According to Statistics Canada, the spike in building permit values is due to growth in both the residential and commercial construction sectors, which climbed 28 per cent and 22 per cent respectively from the same period last year.
Construction plans in the region appear to be centralized in the City of Saskatoon, which on Tuesday reported a 54.8 per cent increase — to $140.6 million from $90.9 million — in the value of building permits issued in the first quarter.
Cooper said one explanation could be developers racing to get
their projects started on paper ahead of a major change to the provincial sales tax that the SCA and other organizations have estimated will add three to four per cent to project costs.
Another factor could be the effect of a few large projects on the region’s comparatively small economy, which can skew building permit figures over the short term, according to ICR Commercial Real Estate managing partner Barry Stuart. “Office and industrial is an example — last year there was nothing going on, hardly,” he said. “And it doesn’t take a lot of increase in activity to affect those numbers significantly.”

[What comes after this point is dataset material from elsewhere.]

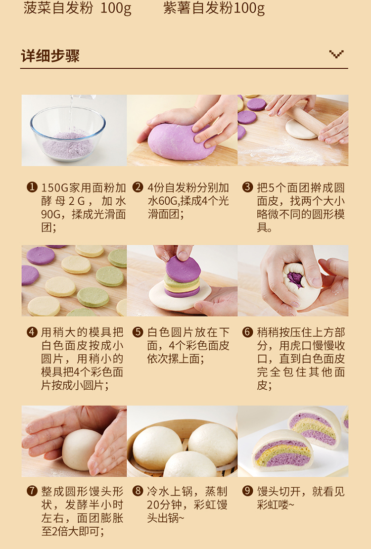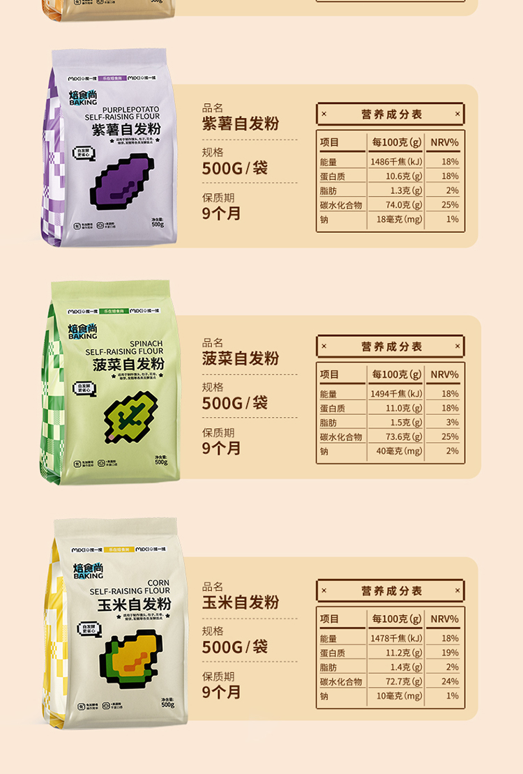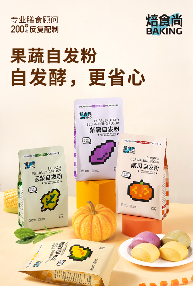 新良焙食尚果蔬馒头自发粉500g紫薯玉米自发粉彩色包子中筋面粉

The region’s climate could also explain the sharp increase in building permit values, Stuart said. “Typically people are not putting in foundations in January, February March; they go for permits to start construction in the spring.”
The first-quarter reports from StatsCan and the municipal government come as the region grapples with sky-high vacancy rates and softening rental rates — one example of how crumbling commodity prices ripple through the region’s economy.
It may take a few months before the big picture becomes clear, but Cooper said a modest increase in building permit values suggests economic optimism after more than a year of tough conditions.